Alan Green

Personal information
- Full name: Alan Paul Green
- Date of birth: 1 January 1954 (age 72)
- Place of birth: Worcester, England
- Height: 5 ft 5+1⁄2 in (1.66 m)
- Position: Forward

Youth career
- 1970–1972: Coventry City

Senior career*
- Years: Team / Apps / (Gls)
- 1972–1979: Coventry City / 98 / (30)
- 1977: → Washington Diplomats (loan) / 16 / (9)
- 1979–1980: Washington Diplomats / 56 / (42)
- 1980–1982: Jacksonville Tea Men (indoor) / 21 / (22)
- 1981–1982: Jacksonville Tea Men / 48 / (27)
- 1982–1983: Golden Bay Earthquakes (indoor) / 18 / (7)
- 1983: → Team America (loan) / 20 / (5)
- 1983–1984: New York Cosmos (indoor) / 31 / (18)
- 1983–1984: New York Cosmos / 14 / (5)
- 1984–1985: New York Cosmos (MISL) / 10 / (5)

International career
- 1972: England Youth / 7 / (1)
- 1984: United States / 1 / (0)

= Alan Green (footballer, born 1954) =

English footballer

Alan Paul Green (born 1 January 1954) is a former professional footballer. Born in England, he began his career with Coventry City before moving to the United States in 1979. He played seven seasons in the North American Soccer League and earned one cap with the U.S. national team.

==Professional==
===In England===
Green, a native of Worcester, England, began his professional career with Coventry City. He joined the club as a striker in 1970 but did not make his first team debut until 22 April 1972, his only appearance during that season. He peaked with the club during the 1975–76 season when he played 31 games and scored nine goals. After that, his appearances and goals slowly began to taper off.

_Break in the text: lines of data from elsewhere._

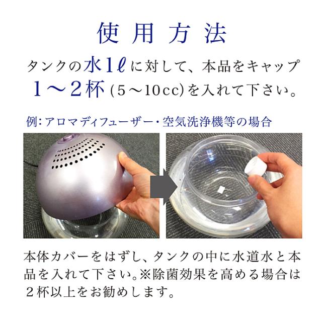 加湿液としてお使い頂く際はタンクの水1Lに対してキャップ2〜3杯を入れて下さい。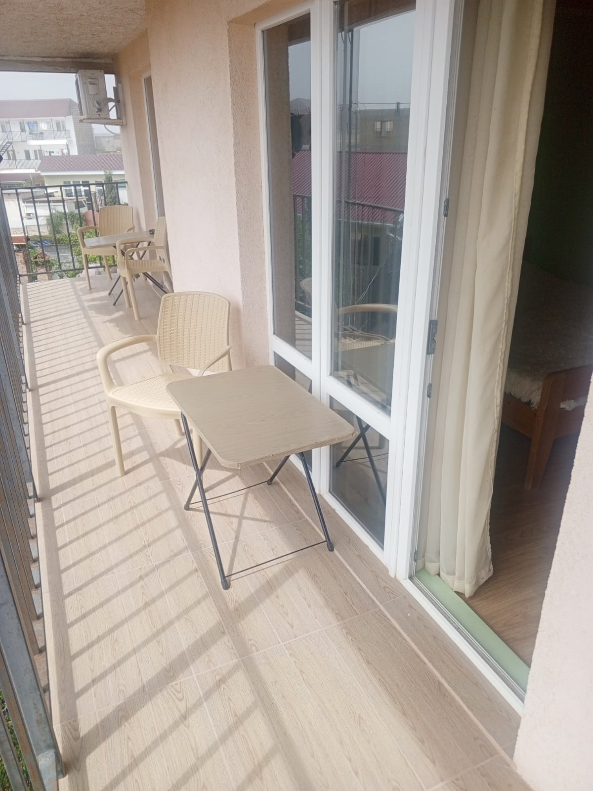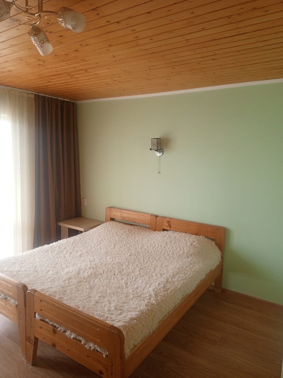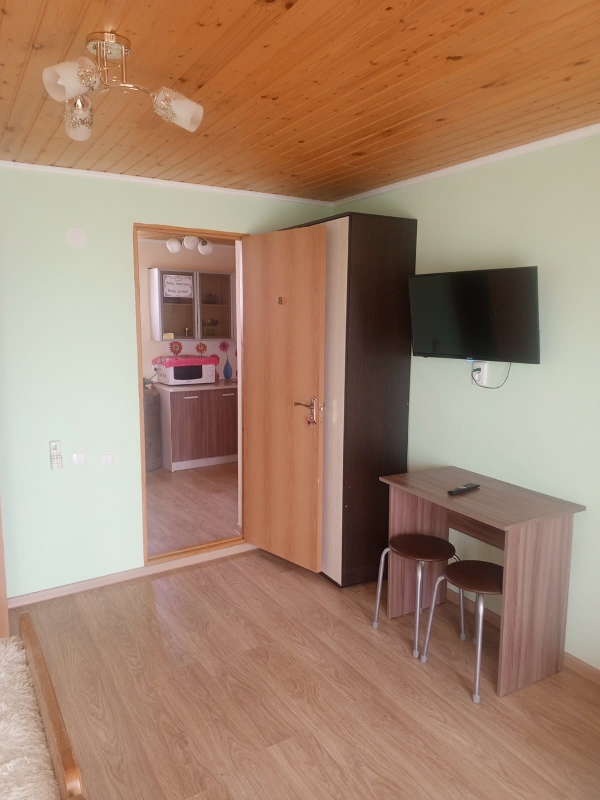 В номере: душ и сан.узел в номере, шкаф, столик, двуспальная кровать + доп.место односпальный диванчик в номерах 2+1, в номерах на 3-4 человека – двуспальная кровать + диван/кровать раскладной полуторный. Кондиционер. Телевизор. Кухня одна на этаж, газовая плита, набор посуды, микроволновка, холодильник . Гладильная доска, утюг. На этаж идут три номера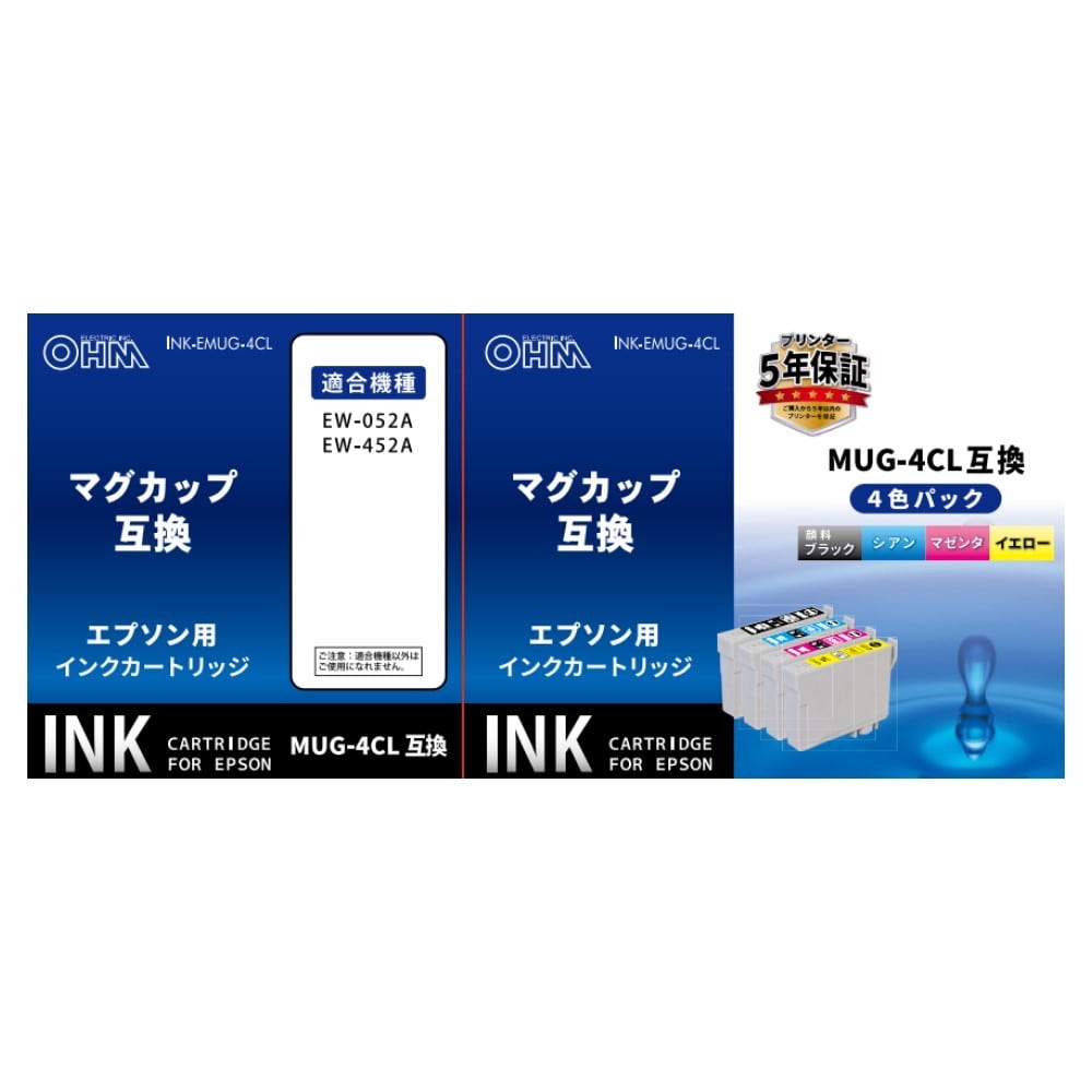 エプソンプリンター用、インクカートリッジ、エプソン純正インクマグカップ4色パック、MUG-4CL、顔料ブラック、染料シアン、染料マゼンタ、染料イエロー、プリンター5年間保証対象品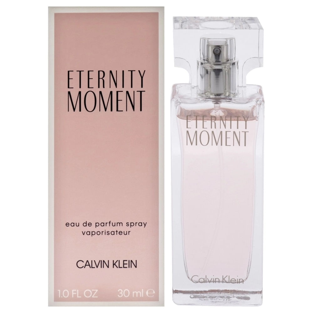 Eternity Moment tem um aroma floral refinado e refrescante, com notas de lichia, framboesa, goiaba, flor de maracujá, ninfêa, flor de romã, peônia rosa, almíscar e madeira rosa. A mulher de Eternity Calvin Klein é super feminina, requintada, espontânea, alegre, auto confiante, divertida, e sabe que todos os momentos comuns podem se tornar algo mágico e eterno. A sua fixação é superior, mantendo a refrescância e o aroma agradável por muitas e muitas horas. É o tipo de aroma que fica eternizado e marcado no olfato de quem o sente.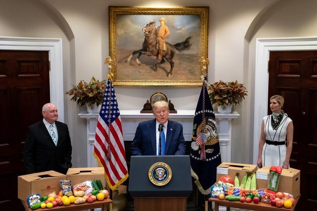 据美国媒体5月19日报道,白宫在罗斯福厅举办了一个关于支持疫情期间食品供应链的活动,身为白宫高级顾问的伊万卡陪同特朗普出席。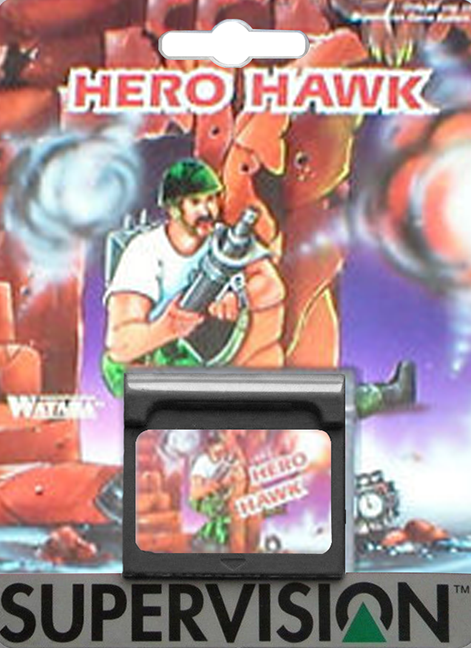 Hero Hawk is a top-down action game similar to Sega's Crack Down, in which the player must infiltrate enemy strongholds and plant bombs at certain locations. Each mission is divided into interconnected rooms, which each contain various hazards, enemy soldiers, item containers, and of course bomb markers. When all bombs on a stage have been planted, the boss area opens up, and the player must defeat the boss to complete the mission. There are a large variety of items that can be found within missions. Food will refill the player's life, grenades will grant an extra screen-clearing bomb, ammunition will let the player shoot faster, boots will increase walking speed, and the ever-useful SuperVision console will let the player access a map of the stage, which indicates which rooms still need bombs placed. However, if the player takes too many hits and dies, all power-ups are lost. There are only a limited number of continues.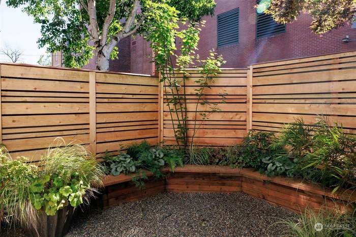 Next, the rusting galvanized fence was given a modern facelift with cedar laid horizontally, bringing a welcome warmth to the small space. Finally, to ensure vibrant color and form year-round, we also added Heuchera ‘Peach Flambe’ and ‘Delta Dawn,’ and Carex ‘Ice Dance.’

===In the United States===
In 1977, Coventry loaned Green to the Washington Diplomats (Dips) of the North American Soccer League (NASL), whose season ran during the summer months or the English off-season. Green played 16 games, scoring nine goals and assisting on five others. At the end of the 1978-79 English season, Green left Coventry to move permanently to the NASL, rejoining the Diplomats for the next two years. Green became a prolific scorer with the Dips, finding the net 42 times in 56 games, earning NASL All-Star Honorable Mention honours for 1980.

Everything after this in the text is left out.